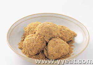 (2)把小豆泡在水里去皮洗净﹐放在蒸锅里蒸后﹐热的时候放白糖﹑酱油﹑胡椒粉﹑桂皮粉用棒槌压碎调味后﹐不放油炒而用筛子筛好。
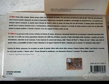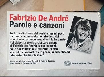 Il libro contiene tutti i testi delle canzoni di De Andrè. Nella videocassetta c'è una raccolta di 16 canzoni tra le più significative dell'autore (visibili in foto). Comprato nel 2005
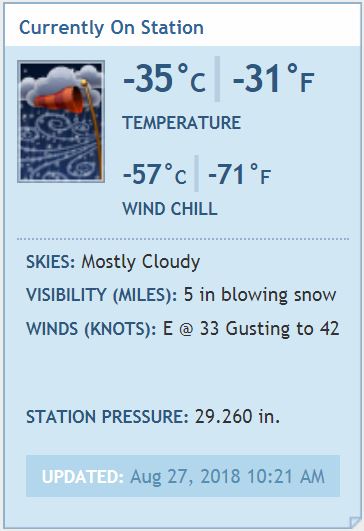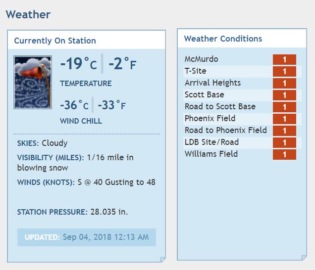 Just a quick video shot from my dorm looking out during the Condition 1 weather. There is no movement allowed outside during this time unless approved by the NSF Station Manager.
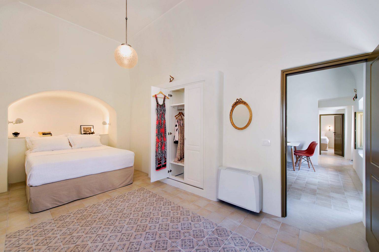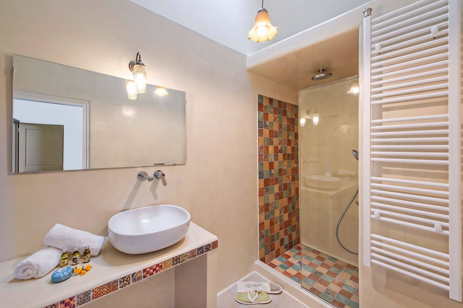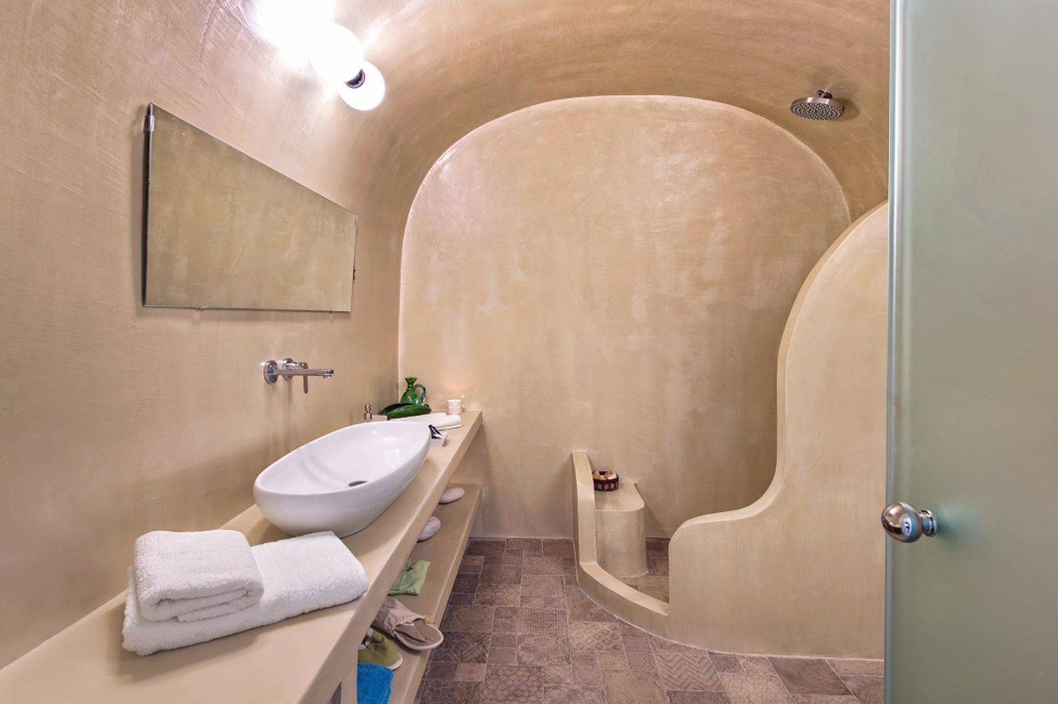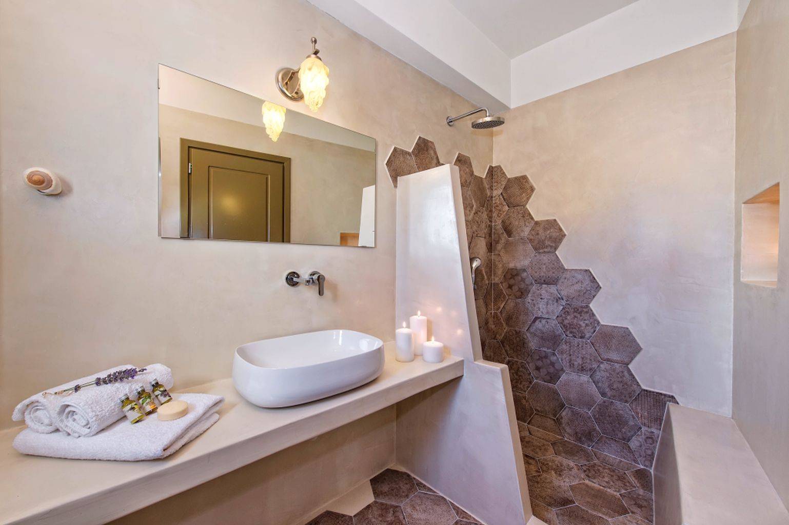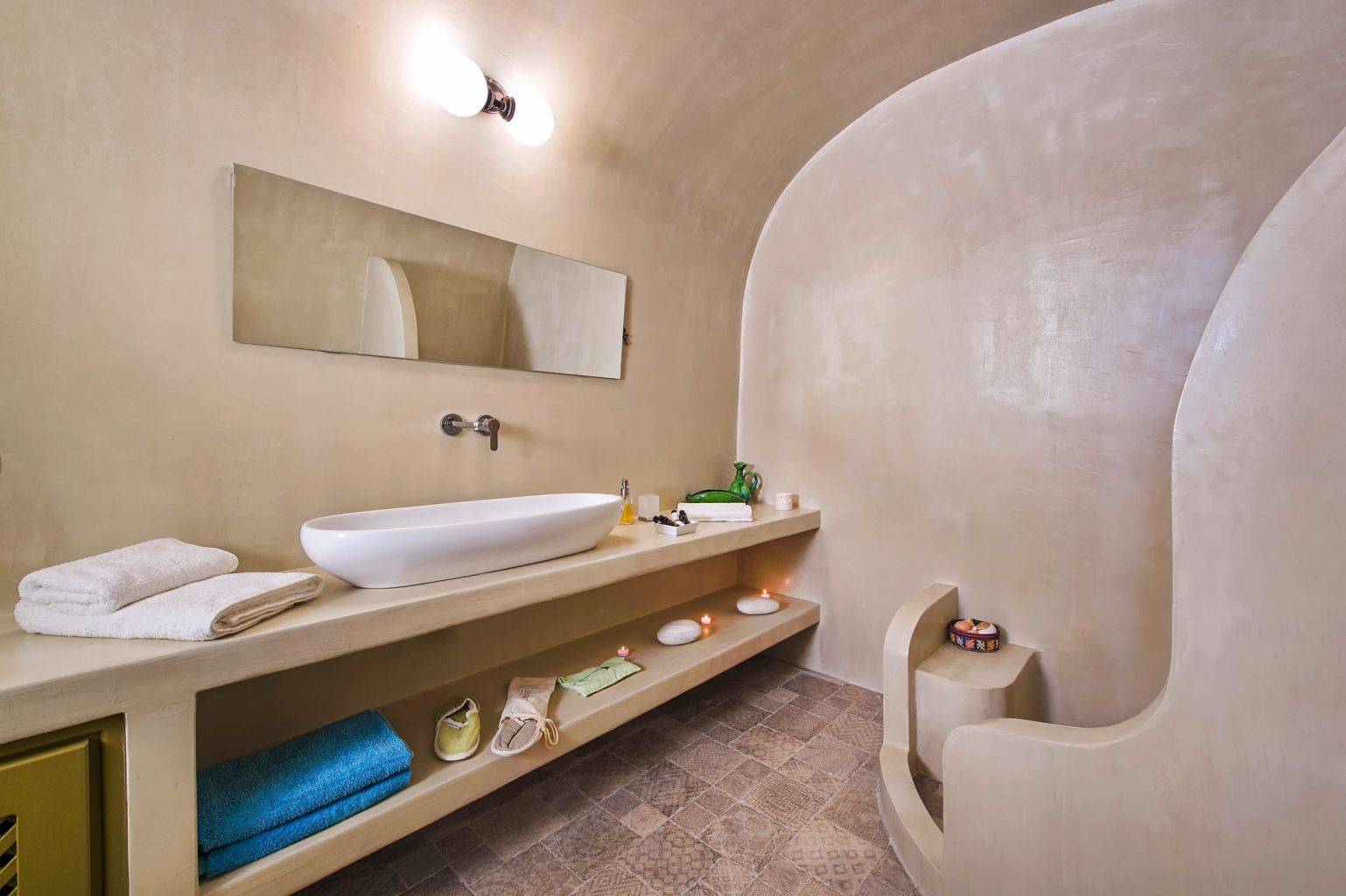 Mantilida Villa Santorini, ένα έργο που φτιάχτηκε με πολύ μεράκι από τους ιδιοκτήτες τους. Δεν θα μπορούσαμε να μην τους ακολουθήσουμε καθώς το έργο τους το αγαπήσαμε από την πρώτη στιγμή. Όταν ο χώρος αποπνέει σεβασμό για την ιστορία του η ευθύνη για την επιλογή των υλικών στο σήμερα αυξάνεται. Βρίσκεται στο Εμπορείο της Σαντορίνης, ένα μέρος που κάποτε ήταν το πέρασμα των έμπορων από όλο τον κόσμο για να προμηθευτούν τα περιζήτητα παραδοσιακά προϊόντα που ο ευλογημένος τόπος παρήγαγε. Ο συνειρμός αυτόματος … υλικά που αντέχουν στην καταπόνηση και στην αυξημένη κινητικότητα. Χαρακτηριστικό επίσης γνώρισμα στην Σαντορίνη του τότε ήταν ότι τα δάπεδα τα κοσμούσαν πλακάκια με σχέδια και κάθε χώρος είχε το δικό του σχέδιο. Με κριτήριο αυτά τα δύο χαρακτηριστικά η επιλογή ήταν ο ιταλικός οίκος Arkadia, με την σειρά Novecento. Τόσο στην Κάναβα όσο και στο Μεγάλο σπίτι χρησιμοποιήσαμε σαν βάση το Cemento Avorio 20×20 και στα υπνοδωμάτια παίξαμε άλλοτε με το Petali Grigio 20×20 άλλοτε με τα Versailes Grigio 20×20 ενώ άλλοτε με τα Trianon Grigio 20×20. Πλακάκια πολύ υψηλών προδιαγραφών που υπόσχονται να παραμείνουν αναλλοίωτα στον χρόνο. Τόσο για την αισθητική τους όσο και για την ποιότητα τους. Οι παραγωγοί τους έχουν φέρει την παλαιότητα τους στην επιφάνεια τους παρουσιάζοντας κάποιες σκιάσεις και φυσικές αλλοιώσεις στους τόνους για να δείξουν ότι μετράνε χρόνια τοποθετημένα. Η σκέψη για το στήσιμο της κουζίνας είχε αρχίσει ήδη να αναφέρεται. Δεν ήταν πρόβλημα όμως, καθώς γνωρίζαμε ότι θα ακολουθήσουμε την ίδια σειρά. Το πρόβλημα ήρθε όταν δεν ξέραμε τι να διαλέξουμε. Τελική επιλογή ήταν το Fiore Rosso 20×20 για την κατασκευή του πάγκου και η Fascia Fiore Rosso 20×20 για την επένδυση του τοίχου της κουζίνας. Ποτέ δεν θα ξεχάσουμε τις περιγραφές για την φυσική εσοχή για τις εστίες της ηλεκτρικής κουζίνας. Το επόμενο βήμα ήταν να δημιουργήσουμε τα μπάνια των χώρων. Είχαμε σαν αφετηρία μας το χαρακτηριστικό γνώρισμα του κυκλαδίτικου νησιού που δεν είναι άλλο από τις καμπύλες των τοίχων. Ήταν δεδομένο ότι η πατητή τσιμεντοκονία θα κυριαρχούσε στον χώρο καθώς είναι το μοναδικό υλικό που θα μπορούσε να ακολουθήσει αυτή την ροή. Αυτό που ψάχναμε είναι το κάτι διαφορετικό στα σημεία.

Work to be completed:
With the pictures removed, set down every line of the listing above exactly.

Answer box:
 (2)把小豆泡在水里去皮洗净﹐放在蒸锅里蒸后﹐热的时候放白糖﹑酱油﹑胡椒粉﹑桂皮粉用棒槌压碎调味后﹐不放油炒而用筛子筛好。
 Il libro contiene tutti i testi delle canzoni di De Andrè. Nella videocassetta c'è una raccolta di 16 canzoni tra le più significative dell'autore (visibili in foto). Comprato nel 2005
 Just a quick video shot from my dorm looking out during the Condition 1 weather. There is no movement allowed outside during this time unless approved by the NSF Station Manager.
 Mantilida Villa Santorini, ένα έργο που φτιάχτηκε με πολύ μεράκι από τους ιδιοκτήτες τους. Δεν θα μπορούσαμε να μην τους ακολουθήσουμε καθώς το έργο τους το αγαπήσαμε από την πρώτη στιγμή. Όταν ο χώρος αποπνέει σεβασμό για την ιστορία του η ευθύνη για την επιλογή των υλικών στο σήμερα αυξάνεται. Βρίσκεται στο Εμπορείο της Σαντορίνης, ένα μέρος που κάποτε ήταν το πέρασμα των έμπορων από όλο τον κόσμο για να προμηθευτούν τα περιζήτητα παραδοσιακά προϊόντα που ο ευλογημένος τόπος παρήγαγε. Ο συνειρμός αυτόματος … υλικά που αντέχουν στην καταπόνηση και στην αυξημένη κινητικότητα. Χαρακτηριστικό επίσης γνώρισμα στην Σαντορίνη του τότε ήταν ότι τα δάπεδα τα κοσμούσαν πλακάκια με σχέδια και κάθε χώρος είχε το δικό του σχέδιο. Με κριτήριο αυτά τα δύο χαρακτηριστικά η επιλογή ήταν ο ιταλικός οίκος Arkadia, με την σειρά Novecento. Τόσο στην Κάναβα όσο και στο Μεγάλο σπίτι χρησιμοποιήσαμε σαν βάση το Cemento Avorio 20×20 και στα υπνοδωμάτια παίξαμε άλλοτε με το Petali Grigio 20×20 άλλοτε με τα Versailes Grigio 20×20 ενώ άλλοτε με τα Trianon Grigio 20×20. Πλακάκια πολύ υψηλών προδιαγραφών που υπόσχονται να παραμείνουν αναλλοίωτα στον χρόνο. Τόσο για την αισθητική τους όσο και για την ποιότητα τους. Οι παραγωγοί τους έχουν φέρει την παλαιότητα τους στην επιφάνεια τους παρουσιάζοντας κάποιες σκιάσεις και φυσικές αλλοιώσεις στους τόνους για να δείξουν ότι μετράνε χρόνια τοποθετημένα. Η σκέψη για το στήσιμο της κουζίνας είχε αρχίσει ήδη να αναφέρεται. Δεν ήταν πρόβλημα όμως, καθώς γνωρίζαμε ότι θα ακολουθήσουμε την ίδια σειρά. Το πρόβλημα ήρθε όταν δεν ξέραμε τι να διαλέξουμε. Τελική επιλογή ήταν το Fiore Rosso 20×20 για την κατασκευή του πάγκου και η Fascia Fiore Rosso 20×20 για την επένδυση του τοίχου της κουζίνας. Ποτέ δεν θα ξεχάσουμε τις περιγραφές για την φυσική εσοχή για τις εστίες της ηλεκτρικής κουζίνας. Το επόμενο βήμα ήταν να δημιουργήσουμε τα μπάνια των χώρων. Είχαμε σαν αφετηρία μας το χαρακτηριστικό γνώρισμα του κυκλαδίτικου νησιού που δεν είναι άλλο από τις καμπύλες των τοίχων. Ήταν δεδομένο ότι η πατητή τσιμεντοκονία θα κυριαρχούσε στον χώρο καθώς είναι το μοναδικό υλικό που θα μπορούσε να ακολουθήσει αυτή την ροή. Αυτό που ψάχναμε είναι το κάτι διαφορετικό στα σημεία.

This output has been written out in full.